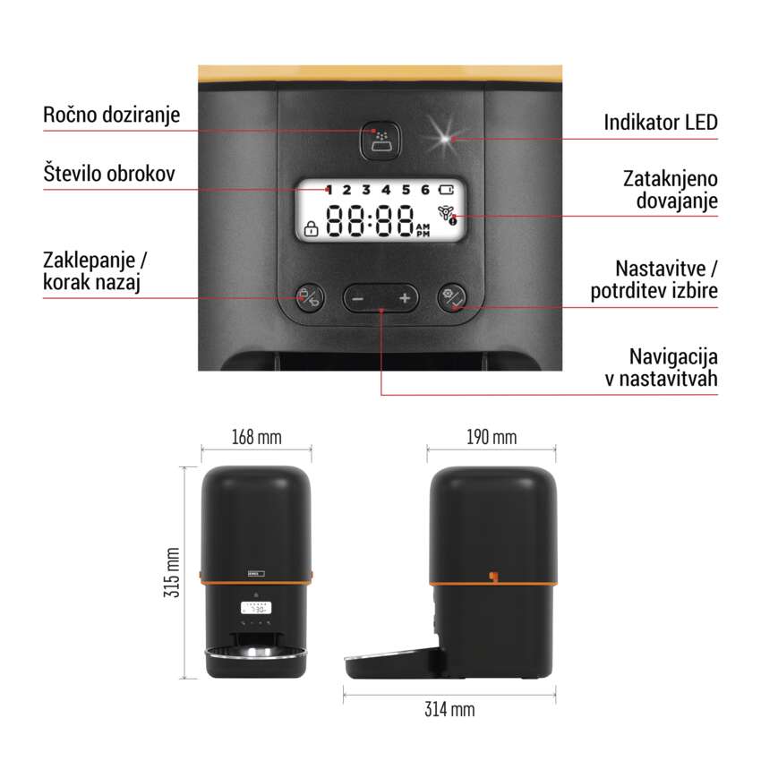 Nastavite posamezno hrano na število obrokov točno po potrebah vašega hišnega ljubljenčka. Velikost posameznega obroka je 5 gramov. Hranilnik vključuje tudi kazalnik stanja hrane v dozirniku. V primeru nizke ravni hranilnika bo na zaslonu utripala dioda, ki vas bo opozorila, da je treba ponovno napolniti brikete.
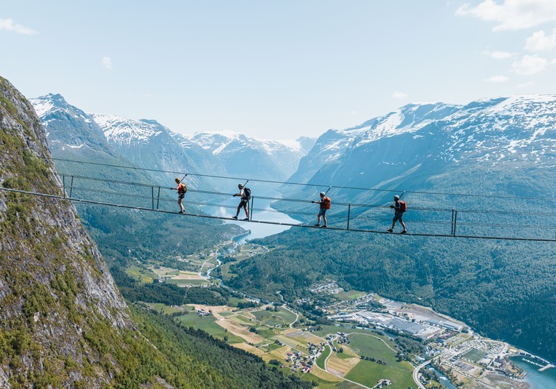 We highly recommend using a guide. Guided tours and gear rental via Loen Active. Return to fjord level by Loen Skylift, or by foot on the mountain road (7+5 km). You can book via Ferrata tour with an instructor at 9, 10, and 11 am, with a maximum of 40 guests per departure. Rental of via Ferrata equipment to experienced climbers. On Saturdays, and every day from 1 July to 15 August, the equipment can only be rented from 2 pm. Otherwise, in the season it may be possible to start before 2 pm (contact Loen Active).
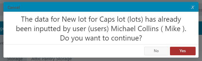 Remember: When more than one inventor users are doing inventorisation of products in the same lot and one of them trying to edit a count the system will ask:
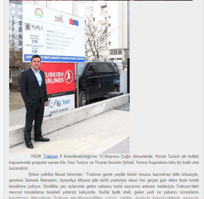 (Kırsal turizm başlığı altında verilen destekle Trabzon kent merkezinde Yomra’da inşa edilen lüks otel. TKDK, amaç dışına çıkılan destekle inşa edilen oteli kendi resmi web sayfasında da böyle duyurdu)
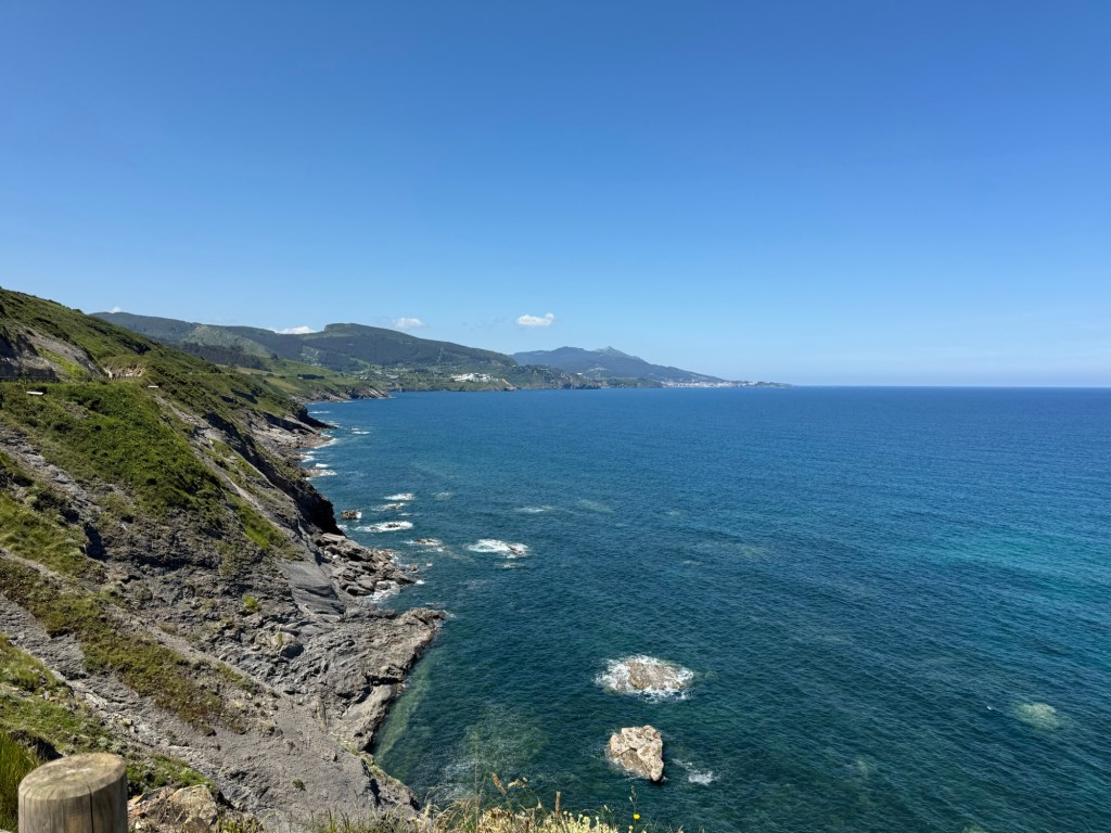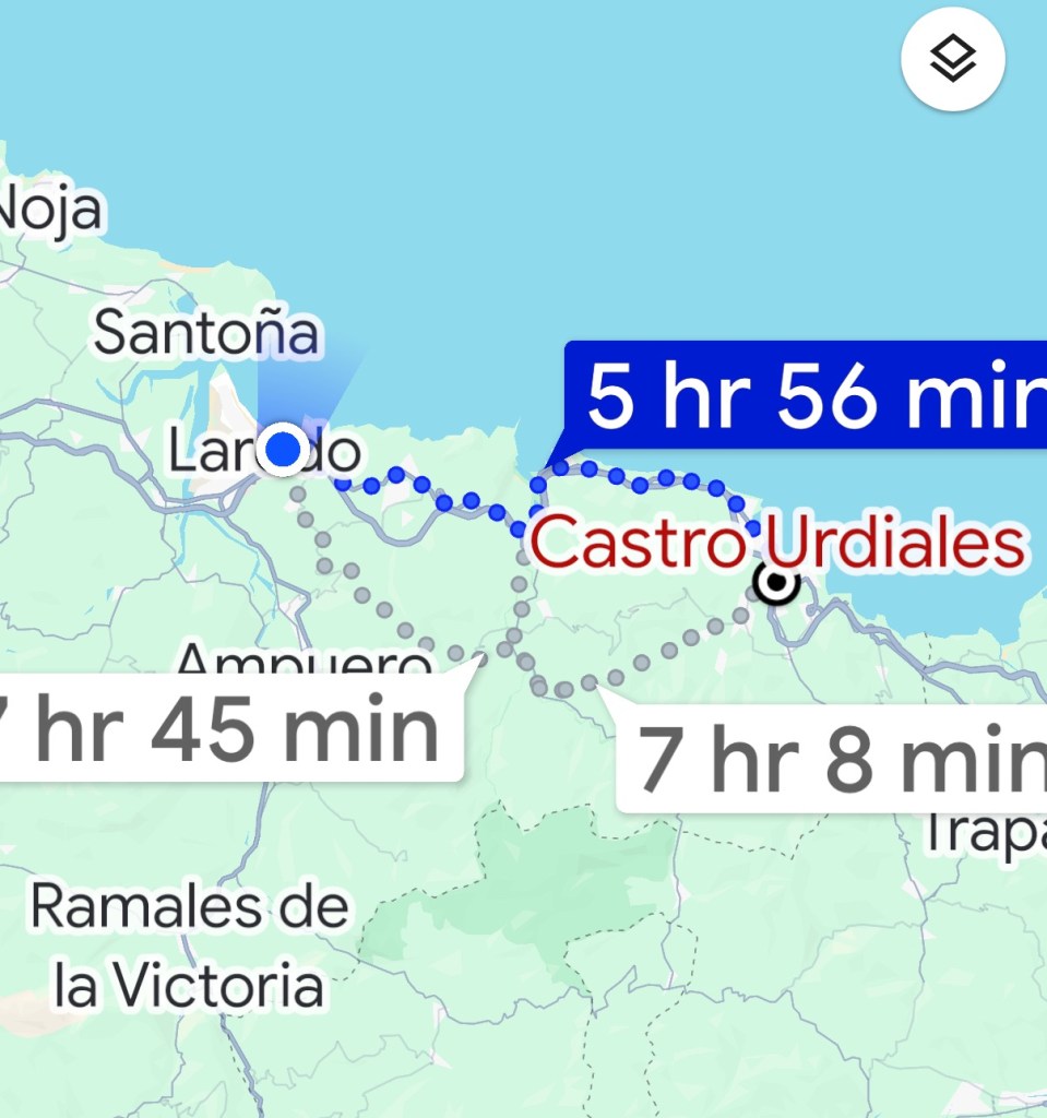 Today felt like a long day. The first part, leaving Portugalete involved riding the escalators up the hill. Then it was a lot of combined bike lanes and pedestrian lanes, so no traffic, but largely along side of freeways and all pavement. After about 3 hrs of solid walking stopped in Las Arenas for a quick snack and then continued on. A beautiful beach which in spite of mid 60s temperatures was being enjoyed by many people. A pretty big set of stairs led up to a coastal path and there were lots of mining remnants from a previous era. At some point I reached a split between the coastal route and the inland route and as I was pausing a number of people were waiting for a bus to Castro Urdiales. At this point I think I had walked about 20km and my feet were definitely sore, as I was debating whether to continue, the bus showed up, so hopped on and 15 minutes later was at my hotel! Since tomorrow is scheduled to be much longer than I would like I decided this was a good option, and it gave me a little time to explore the lovely beach side town of Castro Urdiales. See photos below. Step counter reading 34,306 for the day!
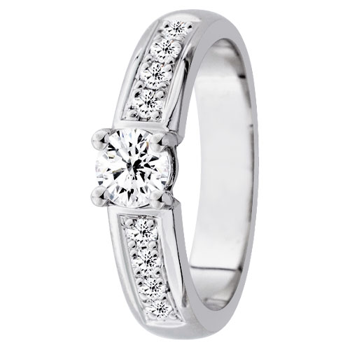 Festive Eva 510-056-vk är en vacker diamantring av vitguld med sidostenar. Största delen av ringstorleken tillverkas på beställning, och då är leveranstiden 10-20 arbetsdagar. Diamantringar som beställs från fabriken har endast bytesrätt. Graverade diamantringar har ingen retur- eller bytesrätt. Mer information om ringen hittar ni nedan på Mer information -fältet.
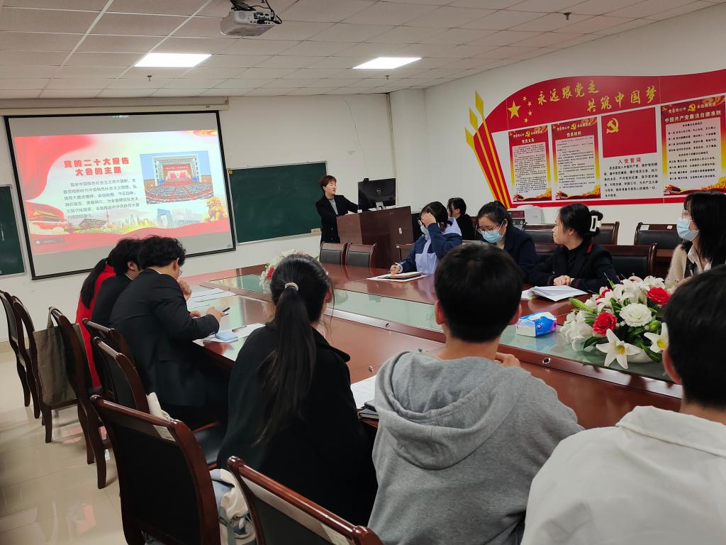 支部书记马小佼从青年担当讲起,以生动鲜活的案例,理论联系实际,重点阐述了党的二十大报告中“三个务必”,“三件大事”,“两个行”和“一个中心”,讲述了青年躬逢盛世,自当勇于担当使命。她强调:“要实现中华民族伟大复兴,必须坚持中国式现代化,坚持两步走战略、五大基本原则和五个必由之路。”
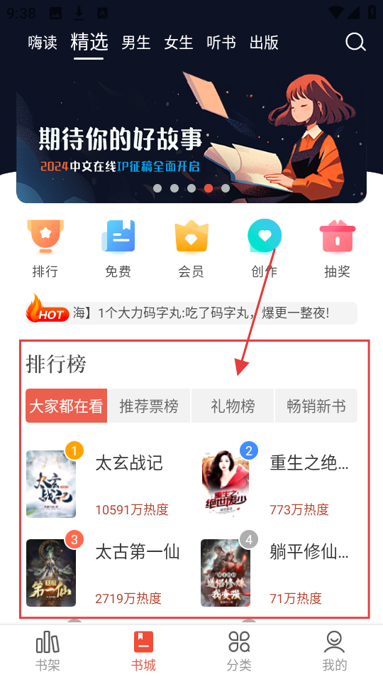 1、在书城精选页面,排行榜有热门小说如【太古第一仙】,点击它可进入小说详情页,了解小说信息哦。

_Assignment:_ All lines from the one containing "Festive Eva 510-056-vk" to the last line of the records above, both included, need to be repeated word for word; omit the pictures.

_Answer for this exercise:_
 Festive Eva 510-056-vk är en vacker diamantring av vitguld med sidostenar. Största delen av ringstorleken tillverkas på beställning, och då är leveranstiden 10-20 arbetsdagar. Diamantringar som beställs från fabriken har endast bytesrätt. Graverade diamantringar har ingen retur- eller bytesrätt. Mer information om ringen hittar ni nedan på Mer information -fältet.
 支部书记马小佼从青年担当讲起,以生动鲜活的案例,理论联系实际,重点阐述了党的二十大报告中“三个务必”,“三件大事”,“两个行”和“一个中心”,讲述了青年躬逢盛世,自当勇于担当使命。她强调:“要实现中华民族伟大复兴,必须坚持中国式现代化,坚持两步走战略、五大基本原则和五个必由之路。”
 1、在书城精选页面,排行榜有热门小说如【太古第一仙】,点击它可进入小说详情页,了解小说信息哦。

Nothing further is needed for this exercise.